§ INPUT:
╔══

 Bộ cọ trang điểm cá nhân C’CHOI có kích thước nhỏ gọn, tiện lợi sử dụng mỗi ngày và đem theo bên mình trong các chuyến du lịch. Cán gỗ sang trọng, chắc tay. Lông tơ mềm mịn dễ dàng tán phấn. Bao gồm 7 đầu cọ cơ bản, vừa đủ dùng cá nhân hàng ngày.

╚══
╔══

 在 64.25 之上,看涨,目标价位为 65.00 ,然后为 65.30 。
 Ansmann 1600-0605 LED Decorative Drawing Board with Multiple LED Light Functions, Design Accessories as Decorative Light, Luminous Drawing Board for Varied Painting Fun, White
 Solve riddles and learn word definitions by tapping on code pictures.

╚══

§ YOUR INSTRUCTIONS:
From the entries above, give again exactly the lines running from the line with "Ansmann 1600-0605 LED" to the line with "Solve riddles and"; include both of those lines.

§ ANSWER SECTION:
 Ansmann 1600-0605 LED Decorative Drawing Board with Multiple LED Light Functions, Design Accessories as Decorative Light, Luminous Drawing Board for Varied Painting Fun, White
 Solve riddles and learn word definitions by tapping on code pictures.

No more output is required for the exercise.